Dataset extract:
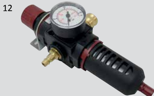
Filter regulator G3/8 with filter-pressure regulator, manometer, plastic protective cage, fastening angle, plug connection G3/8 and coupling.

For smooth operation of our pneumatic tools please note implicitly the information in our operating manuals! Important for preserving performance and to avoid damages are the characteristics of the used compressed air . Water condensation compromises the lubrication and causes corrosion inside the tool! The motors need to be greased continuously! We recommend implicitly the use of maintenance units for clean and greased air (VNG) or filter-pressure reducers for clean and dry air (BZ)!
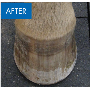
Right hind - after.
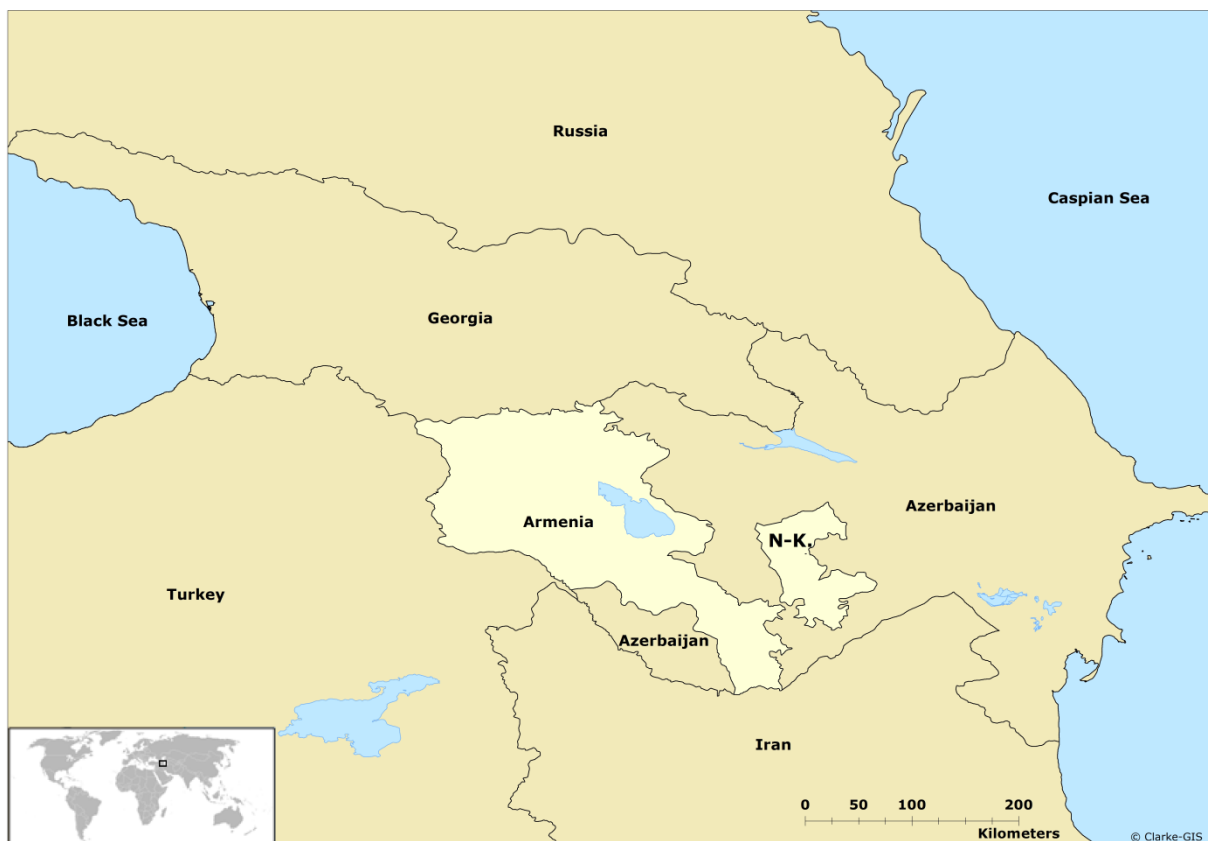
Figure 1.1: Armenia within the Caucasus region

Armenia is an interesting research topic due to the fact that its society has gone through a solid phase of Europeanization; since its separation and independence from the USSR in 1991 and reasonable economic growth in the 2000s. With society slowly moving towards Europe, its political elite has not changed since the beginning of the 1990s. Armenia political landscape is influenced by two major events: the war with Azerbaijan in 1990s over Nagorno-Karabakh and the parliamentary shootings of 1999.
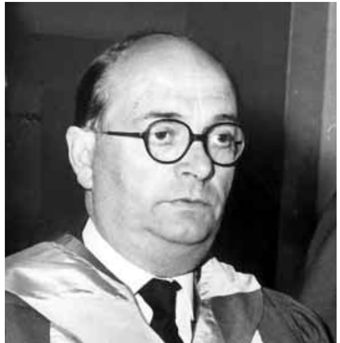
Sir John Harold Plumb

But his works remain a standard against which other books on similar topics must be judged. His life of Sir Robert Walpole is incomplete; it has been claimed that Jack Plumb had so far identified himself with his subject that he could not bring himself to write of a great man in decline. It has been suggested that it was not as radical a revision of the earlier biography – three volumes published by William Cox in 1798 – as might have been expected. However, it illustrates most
--
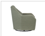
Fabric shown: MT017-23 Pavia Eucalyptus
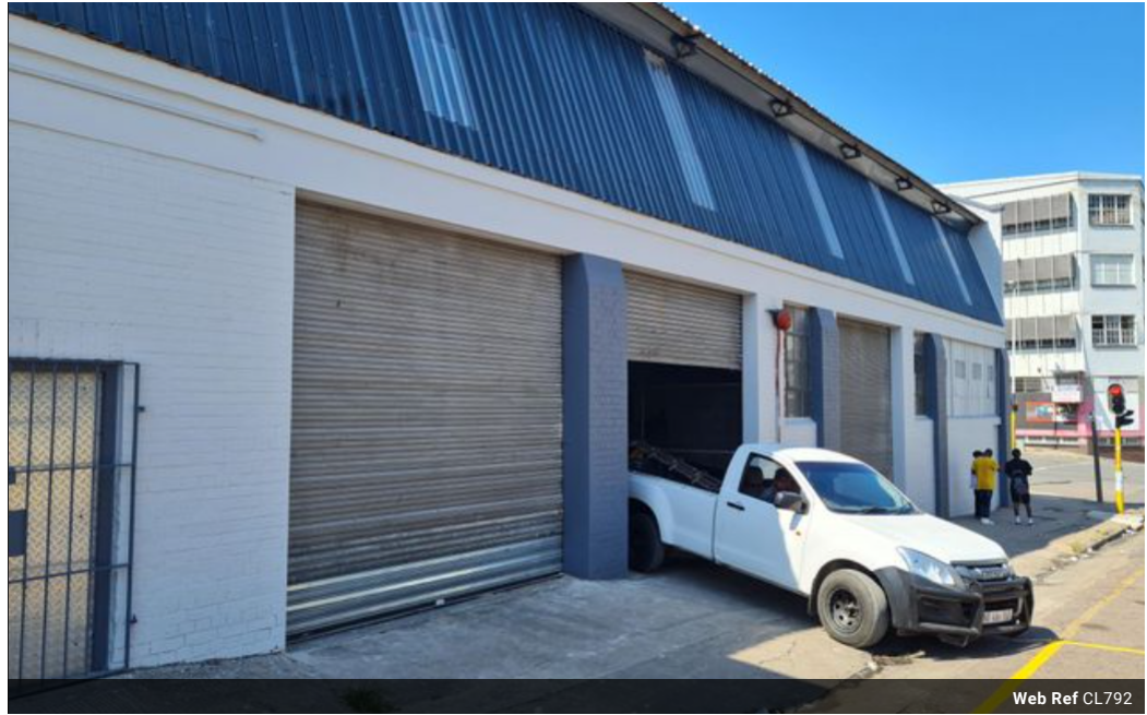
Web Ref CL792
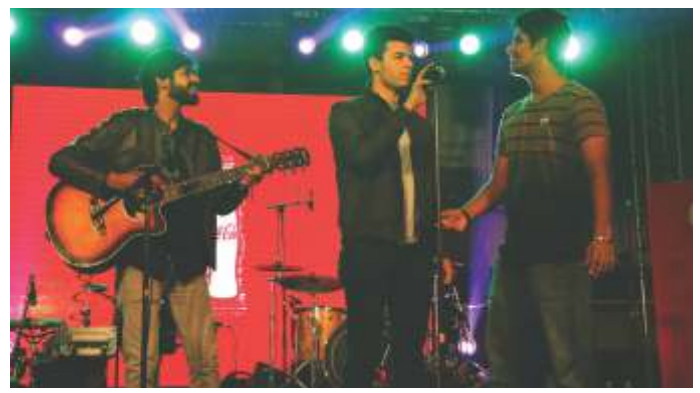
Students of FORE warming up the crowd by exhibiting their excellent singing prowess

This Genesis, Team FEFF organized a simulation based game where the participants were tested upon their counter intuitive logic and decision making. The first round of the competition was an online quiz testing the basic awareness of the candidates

Activity: Show all lines in the preceding material that have "their" in them.

Answer below:
Students of FORE warming up the crowd by exhibiting their excellent singing prowess
This Genesis, Team FEFF organized a simulation based game where the participants were tested upon their counter intuitive logic and decision making. The first round of the competition was an online quiz testing the basic awareness of the candidates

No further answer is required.